Rainbow Dash perked her ears.

“Or, no,” said Rarity her snout crinkled. “Not a contest, a… judgment? It sounded to me like a fireside gathering of sorts where they share stories—”

Dash exhaled and grabbed a grapefruit, discarding the stupid yellow rubbery thing.

“—except they cannot, for that one day, be old ones. Or, how did he put it? ‘Only stories not told, though certainly stories experienced, lived or heard’.” Rarity furrowed her brow. “How a story can be heard without being told I couldn’t tell you. It’s about telling new stories.”

Fluttershy nodded and smiled at that, apparently pleased. “I think that sounds very nice. They spend a lot of time with the same stories, discussing them and interpreting them in different ways.”

“So what you’re saying is that they’re just looking for new stuff?” Dash chanced.

Rarity graced them both with a tired smile in turn. “Something like that, yes. I think you two have summed it up better than I ever could.”

“But… it’s not a contest?” Dash asked, eyes narrowed.

The unicorn let out an exasperated sigh, making a big show of rolling her eyes and all even though she still smiled. “No, darling. There are no prizes, no pedestals, no medals, and no—well... alright, I will grant you this, I don’t know that there is no cheering, but Neisos emphasised that they just listen to stories and decide for themselves which stories they add to their canon of stories, so to say. The storytellers of their council have a lot of sway in this, but it’s really for peryton to decide for themselves.”

Rainbow Dash let out a yawn, making sure to be as loud as possible about it.

“Charming,” said Rarity.

“If it’s just a sort of story festival, that could be wonderful,” said Fluttershy, swallowing the last of her apple, scrutinizing the remaining fruits on the table. “If it’s more like… ghost stories, then, um, maybe not so much.”

“I didn’t ask for specifics. I don’t know if there’s a big stage or anything like that,” said Rarity.

“Mh-hm,” hummed Dash, spitting out some grapefruit skin. “What does that have to do with us?” she asked.

“I’ll definitely have the new dresses finished by then,” said Rarity. Her horn lit up, and the discarded grapefruit peel floated over to a corner of the table. “I hope I’m well enough for us all to go, but if not, would the two of you mind attending?

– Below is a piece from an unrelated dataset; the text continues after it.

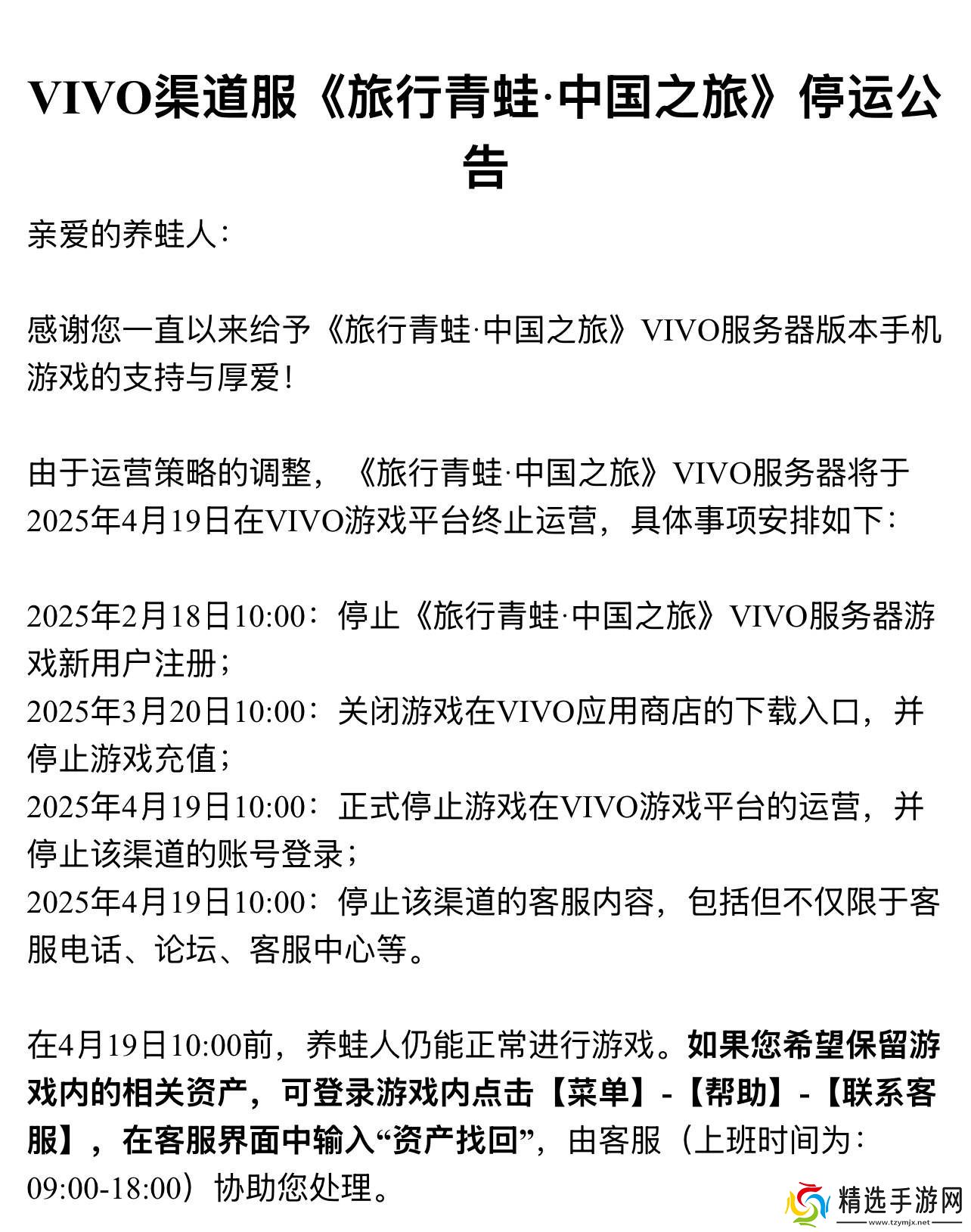 知名游戏《旅行青蛙·中国之旅》近日传出关服消息,引起了广泛玩家的关注。据三言科技获得的最新资讯,该游戏在其官方网站上正式宣布将停止VIVO渠道服的运营。

All I need is for you to wear the dresses I’ve made, ask a few of them what they think of it—if they can think of a dress as a dress and not a mere costume. Mostly, I’d need you to see if they wear anything else, if there is anything that isn’t specific to certain stories.” Her brow furrowed in thought. “Perhaps there’s something that more than most of them wear? Some nugget of what they consider fashionable like the jewellery in Stagrum, even if they don’t think of it—oh, or one part of the dress that does stand out to them, something they appreciate.”

Fluttershy looked over at Rainbow Dash, smiling expectantly. “I’m sure we could try our best.”

“Sure,” said Dash with a grin, grabbing a cluster of grapes. “If they’re gonna share poems or anything, I’m gonna fly back to the Splitwood and do something fun instead, like… sit in a canyon or something, but listening to people tell stories when that’s the point? I’m down for that.”


The path to bed was still a minefield of metal parts and tools, and the lack of light didn’t help. With neither magic nor a clue on how to otherwise light the globe hanging from the ceiling, the room stood dark, and Rainbow Dash would have to carefully measure each step.

If she didn’t have wings, that was. Dash hopped into the air and flew over to the single bed, wobbling precariously on the touch-down. Mattresses were terrible landing sites. Fluttershy sat on the other side, still awake. Dash had wondered if she would fall asleep while Dash herself went for a quick pre-bed snack.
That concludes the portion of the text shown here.